> [PROMPT]: The records that follow are to be copied word for word. Pictures should be omitted.

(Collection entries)

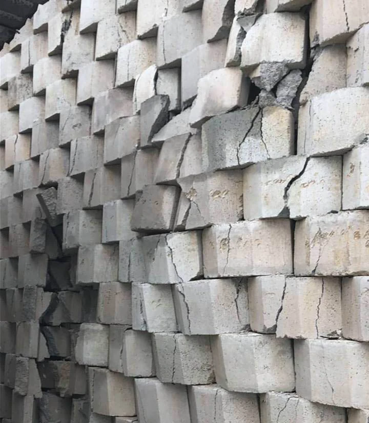 Nhiều vị trí tường thành bị vỡ, rơi ra ngoài.
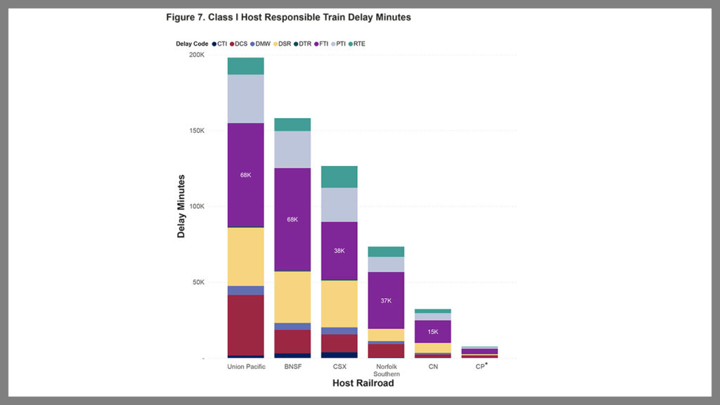 FRA said the largest cause of delay was “freight train interference” at 234,110 minutes of delay (3,901.8 hours; 162.6 days; 23.2 weeks; 0.45 years), 18% of total delay time, a 7% decrease from the previous quarter and a 10% decrease from the second quarter of FY 2022. Other significant causes of delay were “passenger train interference, slow orders, and signals.”
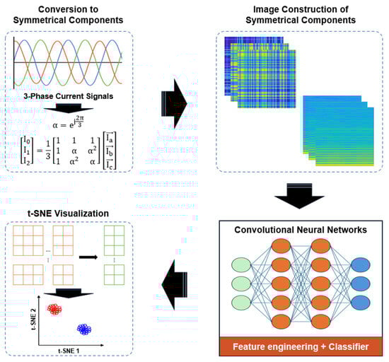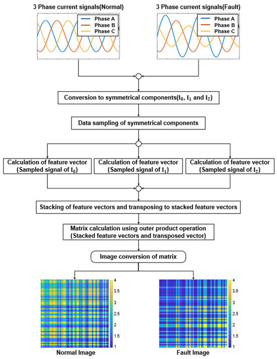 To fully capitalize on the rich information in all three symmetrical components, this study proposes a new image-based technique that integrates information from the zero, positive, and negative sequences simultaneously. Each component’s time-domain features are extracted and combined into a single image such that the differing trends of these components under fault conditions are collectively represented. By converting multi-component current data into an image matrix, we enable the use of powerful image-classification Convolutional Neural Networks (CNN) for fault recognition. We validate this method using an experimental model and compare its performance with a commonly utilized image-based fault diagnosis approach (Short-Time Fourier Transform (STFT) spectrogram analysis). Additionally, we assess practical considerations such as computation cost and noise robustness and discuss the method’s applicability to different motors and operating regimes. Figure 1 provides a flowchart of the overall methodology introduced in this paper, from raw signal acquisition to fault classification. The main contributions of this paper are summarized as follows:
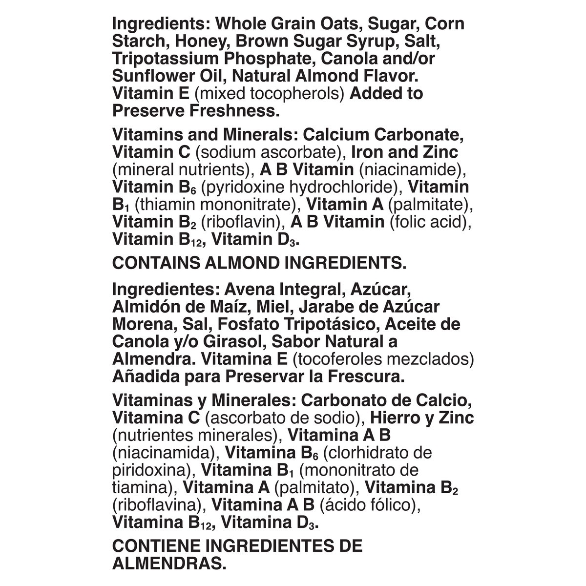 Whole Grain Oats, Sugar, Corn Starch, Honey, Brown Sugar Syrup, Salt, Tripotassium Phosphate, Canola and/or Sunflower Oil, Natural Almond Flavor, Vitamin E (Mixed Tocopherols) Added to Preserve Freshn…
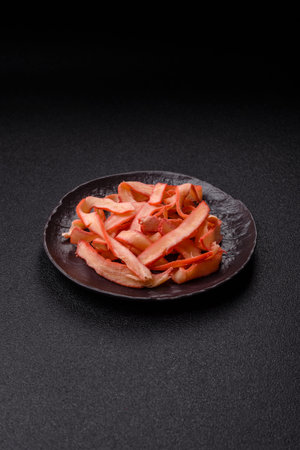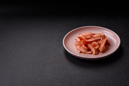 Dried chicken slices, jerky, with cherry or plum flavor, salt and spices on a dark concrete background

> [ANSWER AREA]:
 Nhiều vị trí tường thành bị vỡ, rơi ra ngoài.
 FRA said the largest cause of delay was “freight train interference” at 234,110 minutes of delay (3,901.8 hours; 162.6 days; 23.2 weeks; 0.45 years), 18% of total delay time, a 7% decrease from the previous quarter and a 10% decrease from the second quarter of FY 2022. Other significant causes of delay were “passenger train interference, slow orders, and signals.”
 To fully capitalize on the rich information in all three symmetrical components, this study proposes a new image-based technique that integrates information from the zero, positive, and negative sequences simultaneously. Each component’s time-domain features are extracted and combined into a single image such that the differing trends of these components under fault conditions are collectively represented. By converting multi-component current data into an image matrix, we enable the use of powerful image-classification Convolutional Neural Networks (CNN) for fault recognition. We validate this method using an experimental model and compare its performance with a commonly utilized image-based fault diagnosis approach (Short-Time Fourier Transform (STFT) spectrogram analysis). Additionally, we assess practical considerations such as computation cost and noise robustness and discuss the method’s applicability to different motors and operating regimes. Figure 1 provides a flowchart of the overall methodology introduced in this paper, from raw signal acquisition to fault classification. The main contributions of this paper are summarized as follows:
 Whole Grain Oats, Sugar, Corn Starch, Honey, Brown Sugar Syrup, Salt, Tripotassium Phosphate, Canola and/or Sunflower Oil, Natural Almond Flavor, Vitamin E (Mixed Tocopherols) Added to Preserve Freshn…
 Dried chicken slices, jerky, with cherry or plum flavor, salt and spices on a dark concrete background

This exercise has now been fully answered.